SENTINEL-2C

Sentinel-2C is a European Earth observation satellite operated by the European Space Agency (ESA) and built by Airbus DS GmbH. Launched on September 4, 2024, it is the third member of the Sentinel-2 family, a series of optical imaging spacecraft developed as part of the European Union's Copernicus Programme — the world's largest civilian Earth observation initiative. Weighing approximately 1,140 kg at launch, Sentinel-2C carries a wide-swath multispectral imager designed to collect high-resolution imagery of Earth's land surfaces, coastal zones, and inland waters. It is tracked by the U.S. Space Surveillance Network under NORAD catalog ID 60989 and is internationally designated 2024-157A.

Mission and Purpose

The Sentinel-2 constellation was conceived to provide systematic, high-revisit optical imagery for a broad spectrum of environmental and humanitarian applications. Sentinel-2C continues this mandate, equipped with a multispectral instrument capable of imaging in 13 distinct spectral bands spanning the visible, near-infrared, and shortwave-infrared portions of the electromagnetic spectrum. The imaging system delivers data at three spatial resolutions — 10 metres, 20 metres, and 60 metres — depending on the spectral band in use, allowing analysts to resolve fine surface details across very large geographic areas in a single pass.

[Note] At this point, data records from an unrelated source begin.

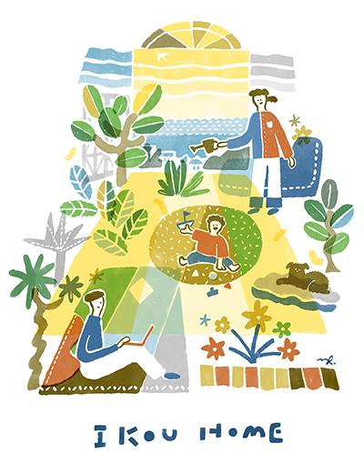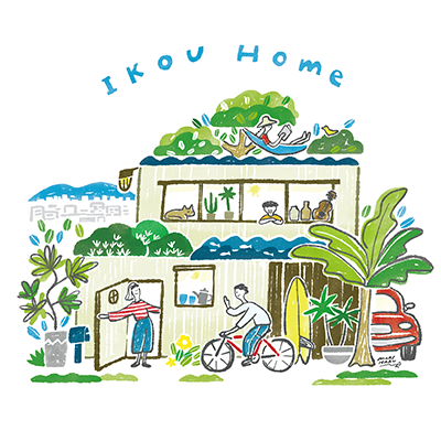 みんなが集まる、ゆったり過ごせる、帰ってくるのが楽しみになる、そんなIKOU Homeをイメージして描きました。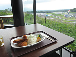 ちょうど昼時だったので、アドバンコーナーが見えるレストランで、ミックスフライ定食\1,000。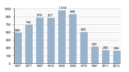 - Bron: INE, 1857-2011: volkstellingen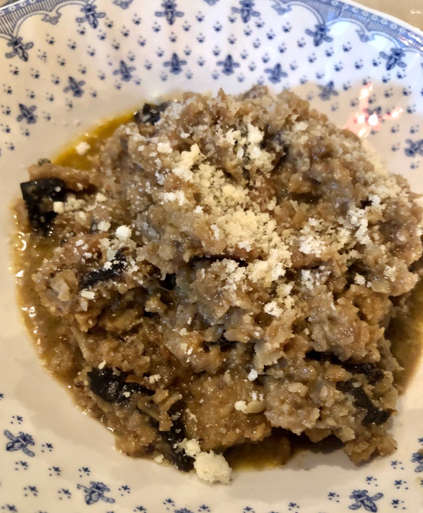Unos minutos antes de terminar la preparación, pruebe que el grano esté cocido durito pero suave a la vez, el termino de un risotto a diferencia de la pasta que es “al dente” sería “all’onda”, se agrega el resto de los hongos, se apaga el fuego, se espera 1 minuto y fuera del fuego se crema con 3 cucharadas de mantequilla y 4-5 cucharadas de queso Parmigiano rallado en el momento o Grana Padano. Esto hará amalgamarse todos los ingredientes y dar un brillo y cremosidad.
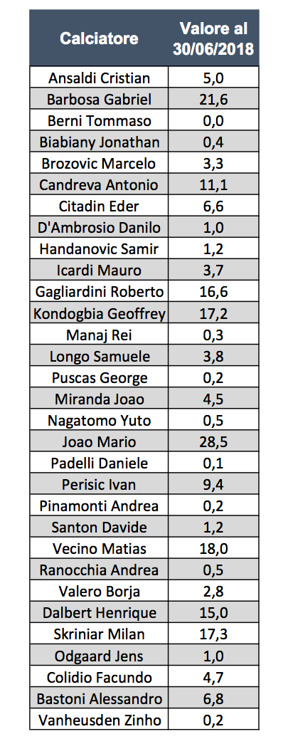 Tra gli altri giocatori, più complesso realizzare plusvalenza con Joao Mario (che avrà un valore di circa 28,5 milioni a bilancio), così come per Gabriel Barbosa (21) e gli acquisti dell’ultima estate (Dalbert e Vecino in particolar modo).

These capabilities make Sentinel-2C particularly valuable for monitoring land cover and land use change over time. Land managers and government agencies rely on the satellite's spectral sensitivity to distinguish crop types, assess vegetation health using indices derived from red-edge and near-infrared bands, and track seasonal growth cycles in agricultural regions. Forestry applications similarly benefit from the platform's ability to detect canopy disturbance, map deforestation fronts, and estimate biomass changes across continental-scale forest systems.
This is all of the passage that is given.